A GEPIA analysis on full-length (FL) and short-length (SL) isoforms of BCLAF1 in AML patients compared to healthy controls. B PCR analysis of FL and SL isoform expression in three leukemia cell lines (U937, K562, NB4). C PCR analysis performed on our cohort of 36 AML patients and one CD34⁺ healthy donor. D PCR and Western blot analyses of BCLAF1 expression in U937 cells treated with SAHA (5 µM) for 6, 24, and 48 h. E PCR analysis of nascent RNA in U937 cells after 6 and 24 h of SAHA treatment (5 µM). F PCR analysis of BCLAF1 expression in U937 cells treated for 24 h with SAHA (5 µM), EML951 (5 µM), SGI-1027 (10 µM), and GSK3685032 (10 µM). Values are presented as the mean ± SEM. Significance was defined as a p-value < 0.05, indicated by asterisks in the figures (* = p < 0.05, ** = p < 0.01, *** = p < 0.001, **** = p < 0.0001).

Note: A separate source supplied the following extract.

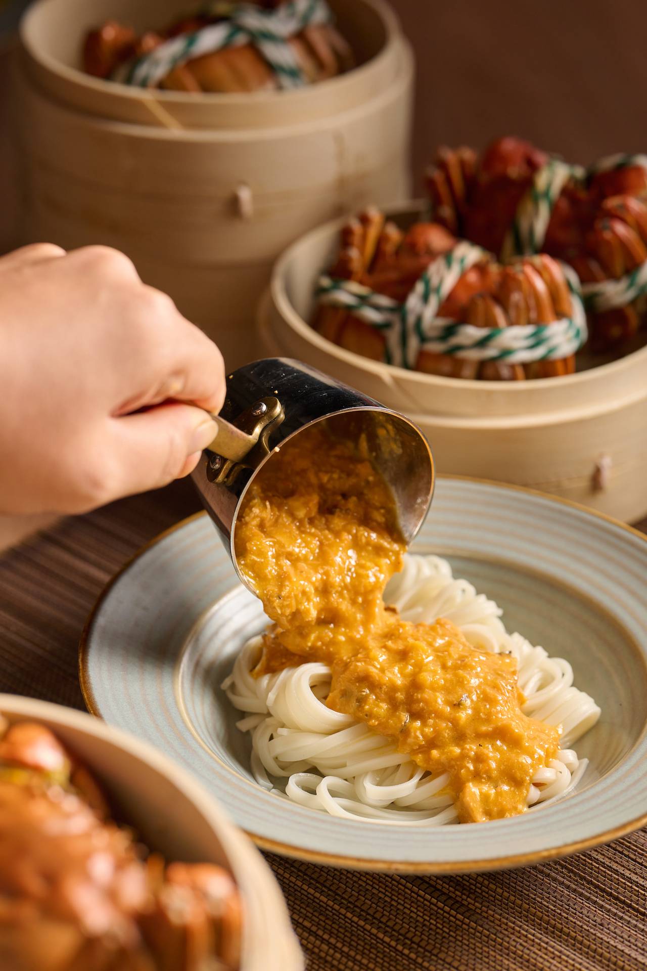 金秋大閘蟹宴選用正宗江蘇大閘蟹,青背白肚金爪黄毛,蟹肥美、肉特厚,蟹宴包括兩隻 / 三隻,每隻約 4 両, 客人可自可選清蒸或南薑酒槽蒸。加上賽螃大閘蟹蓋伴黃金蝦多士、帶子竹笙花膠羹、棗皇薑茶、蟹粉蟹肉扒菠菜苗及砂鍋蝦仁蟹粉撈稻庭麵一共 6 道菜式,款式矜貴,而家低至 8 折還免收加一及茶芥,蟹迷不要錯過。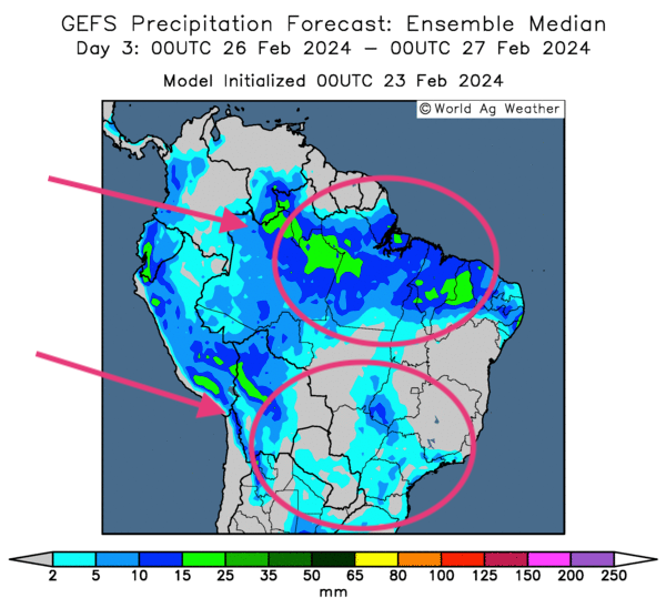 - Pour le Brésil, peu de changements sont anticipés à court et même à plus long termes. Essentiellement, World Weather prévoit donc des précipitations bénéfiques surtout pour le centre du Brésil.

The imbalance of BCLAF1 FL and SL expression isoforms suggested their potential functional roles and regulatory mechanisms in AML. Our previous work demonstrated that selective epigenetic drugs, such as vorinostat (SAHA), a pan-HDAC inhibitor, is able to reverse the AML phenotype by negatively regulating the BCLAF1 FL isoform [16]. Since the FL isoform is critically involved in AML tumorigenesis, we examined BCLAF1 isoform regulation after SAHA (5 μM) treatment for 6, 24, and 48 hours. In all cell lines examined, SAHA modulated BCLAF1 isoform splicing, particularly after 24 h of treatment, at both RNA and protein level (Fig. 1D and Supplementary Fig. S1C). These findings were further confirmed by RNA-scope analysis (Supplementary Fig. S1D). In addition, we verified that the SL isoform mRNA detected after SAHA treatment was newly synthesized, highlighting the specific effect of SAHA on BCLAF1 splicing regulation (Fig. 1E). No significant differences were observed in the expression of isoforms differing by the presence or absence of exon 11 (Supplementary Fig. S1E).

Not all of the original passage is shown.